**Work to be completed**. For the entries below, the result should be an exact transcription of the lines from the one with "The force-displacement relationship" up to and including the one with "- 男女別でみると、男性は「", and only those.

(Excerpted records)

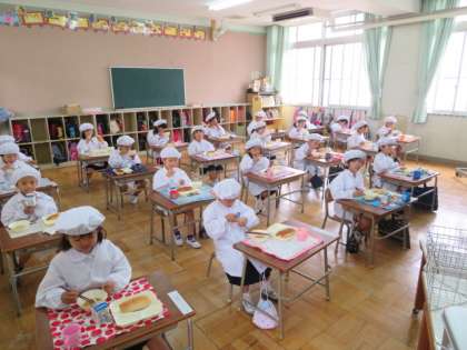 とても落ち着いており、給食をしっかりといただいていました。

(End Excerpted records)
(Excerpted records)

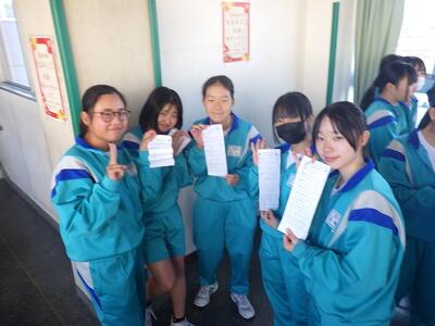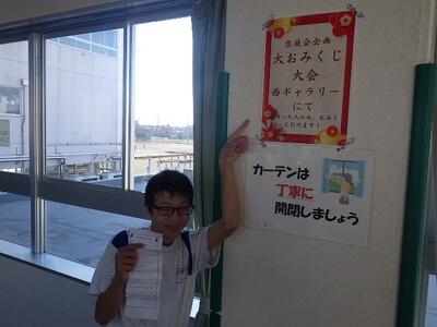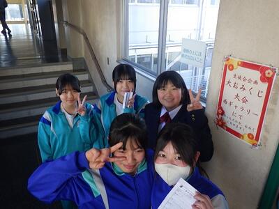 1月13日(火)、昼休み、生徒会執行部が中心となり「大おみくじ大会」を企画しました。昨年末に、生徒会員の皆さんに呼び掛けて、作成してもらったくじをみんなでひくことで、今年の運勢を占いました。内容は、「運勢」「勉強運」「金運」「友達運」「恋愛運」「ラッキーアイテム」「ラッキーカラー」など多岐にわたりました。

(End Excerpted records)
(Excerpted records)

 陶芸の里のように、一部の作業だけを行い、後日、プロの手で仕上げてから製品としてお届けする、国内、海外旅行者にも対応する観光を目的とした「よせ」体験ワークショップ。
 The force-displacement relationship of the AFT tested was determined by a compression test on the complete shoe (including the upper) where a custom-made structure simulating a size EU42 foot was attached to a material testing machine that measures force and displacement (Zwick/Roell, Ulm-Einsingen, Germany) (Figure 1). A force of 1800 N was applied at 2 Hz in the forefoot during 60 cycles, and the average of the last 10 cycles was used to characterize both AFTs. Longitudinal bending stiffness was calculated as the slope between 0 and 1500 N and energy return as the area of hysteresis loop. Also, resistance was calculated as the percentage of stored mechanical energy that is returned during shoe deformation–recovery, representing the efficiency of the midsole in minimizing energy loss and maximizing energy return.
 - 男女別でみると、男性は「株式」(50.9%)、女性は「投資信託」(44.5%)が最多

(End Excerpted records)

**Response to the exercise**.
 The force-displacement relationship of the AFT tested was determined by a compression test on the complete shoe (including the upper) where a custom-made structure simulating a size EU42 foot was attached to a material testing machine that measures force and displacement (Zwick/Roell, Ulm-Einsingen, Germany) (Figure 1). A force of 1800 N was applied at 2 Hz in the forefoot during 60 cycles, and the average of the last 10 cycles was used to characterize both AFTs. Longitudinal bending stiffness was calculated as the slope between 0 and 1500 N and energy return as the area of hysteresis loop. Also, resistance was calculated as the percentage of stored mechanical energy that is returned during shoe deformation–recovery, representing the efficiency of the midsole in minimizing energy loss and maximizing energy return.
 - 男女別でみると、男性は「株式」(50.9%)、女性は「投資信託」(44.5%)が最多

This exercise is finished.